Problem statement => Beginning with the line below that contains "が、斜めから見ると光漏れが起" and ending with the line that contains "Kresielko Flipster od", retype every line exactly. Pictures are not copied.

Material to process =>

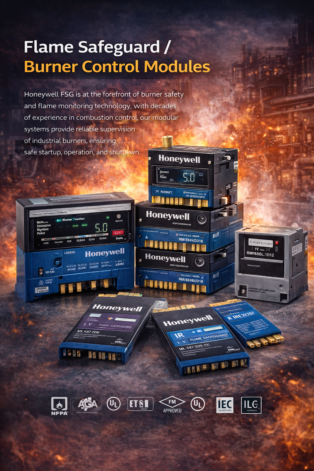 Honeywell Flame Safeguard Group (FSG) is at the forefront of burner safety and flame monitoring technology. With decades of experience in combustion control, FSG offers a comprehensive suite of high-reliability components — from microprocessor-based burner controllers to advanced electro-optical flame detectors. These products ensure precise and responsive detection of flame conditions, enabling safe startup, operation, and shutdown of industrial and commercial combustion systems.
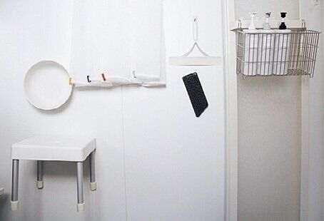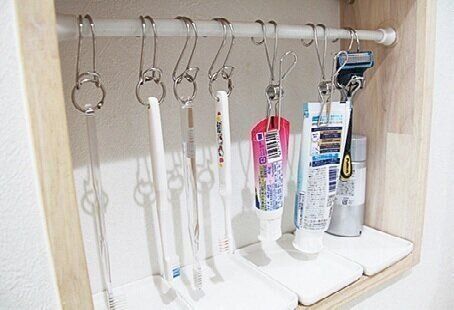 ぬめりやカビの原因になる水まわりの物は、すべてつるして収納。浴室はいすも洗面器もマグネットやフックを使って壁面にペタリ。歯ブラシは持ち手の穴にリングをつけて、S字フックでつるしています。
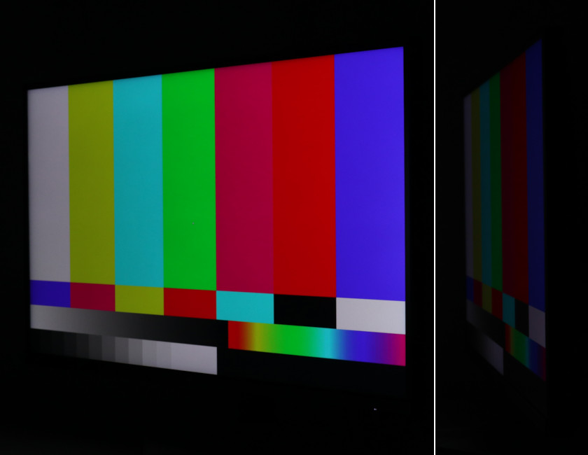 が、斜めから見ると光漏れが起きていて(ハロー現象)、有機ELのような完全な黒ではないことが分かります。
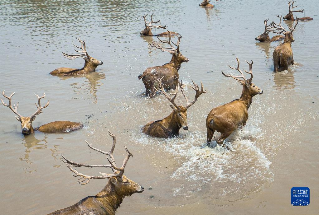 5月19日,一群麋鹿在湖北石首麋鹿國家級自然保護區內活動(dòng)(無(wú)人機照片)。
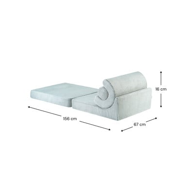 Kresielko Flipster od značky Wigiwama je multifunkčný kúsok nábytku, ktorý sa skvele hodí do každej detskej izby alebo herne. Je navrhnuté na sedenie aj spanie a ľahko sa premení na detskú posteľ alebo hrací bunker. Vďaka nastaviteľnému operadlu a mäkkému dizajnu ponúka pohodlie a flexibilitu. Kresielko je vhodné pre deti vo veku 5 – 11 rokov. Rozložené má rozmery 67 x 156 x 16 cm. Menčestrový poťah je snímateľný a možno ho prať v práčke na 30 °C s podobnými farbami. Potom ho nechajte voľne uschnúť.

...

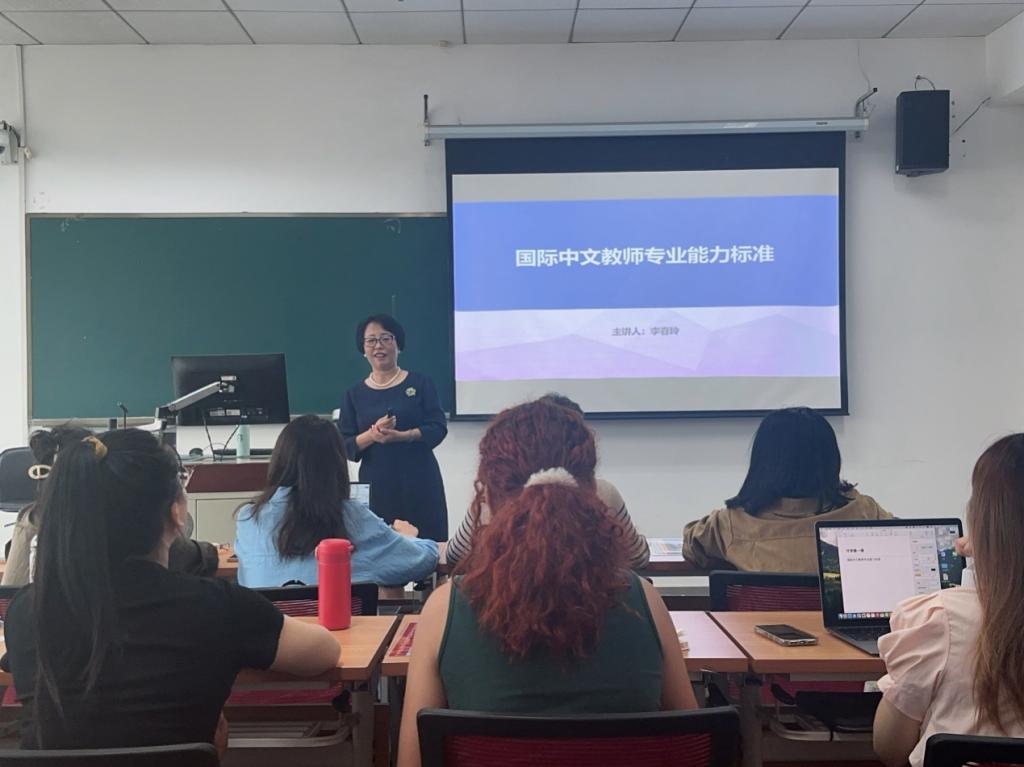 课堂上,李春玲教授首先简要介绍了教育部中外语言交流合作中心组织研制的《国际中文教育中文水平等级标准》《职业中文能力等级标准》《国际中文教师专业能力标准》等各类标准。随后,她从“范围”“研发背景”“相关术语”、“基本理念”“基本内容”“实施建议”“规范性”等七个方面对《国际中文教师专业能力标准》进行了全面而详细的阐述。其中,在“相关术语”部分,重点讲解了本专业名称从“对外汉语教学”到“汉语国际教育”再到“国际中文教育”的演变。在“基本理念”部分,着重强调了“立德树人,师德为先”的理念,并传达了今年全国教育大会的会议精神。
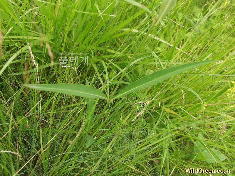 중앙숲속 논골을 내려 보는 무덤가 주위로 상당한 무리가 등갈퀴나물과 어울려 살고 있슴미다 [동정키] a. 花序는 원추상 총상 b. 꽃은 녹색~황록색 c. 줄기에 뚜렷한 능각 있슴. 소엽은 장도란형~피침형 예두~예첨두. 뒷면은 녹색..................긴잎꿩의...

Your response =>
 が、斜めから見ると光漏れが起きていて(ハロー現象)、有機ELのような完全な黒ではないことが分かります。
 5月19日,一群麋鹿在湖北石首麋鹿國家級自然保護區內活動(dòng)(無(wú)人機照片)。
 Kresielko Flipster od značky Wigiwama je multifunkčný kúsok nábytku, ktorý sa skvele hodí do každej detskej izby alebo herne. Je navrhnuté na sedenie aj spanie a ľahko sa premení na detskú posteľ alebo hrací bunker. Vďaka nastaviteľnému operadlu a mäkkému dizajnu ponúka pohodlie a flexibilitu. Kresielko je vhodné pre deti vo veku 5 – 11 rokov. Rozložené má rozmery 67 x 156 x 16 cm. Menčestrový poťah je snímateľný a možno ho prať v práčke na 30 °C s podobnými farbami. Potom ho nechajte voľne uschnúť.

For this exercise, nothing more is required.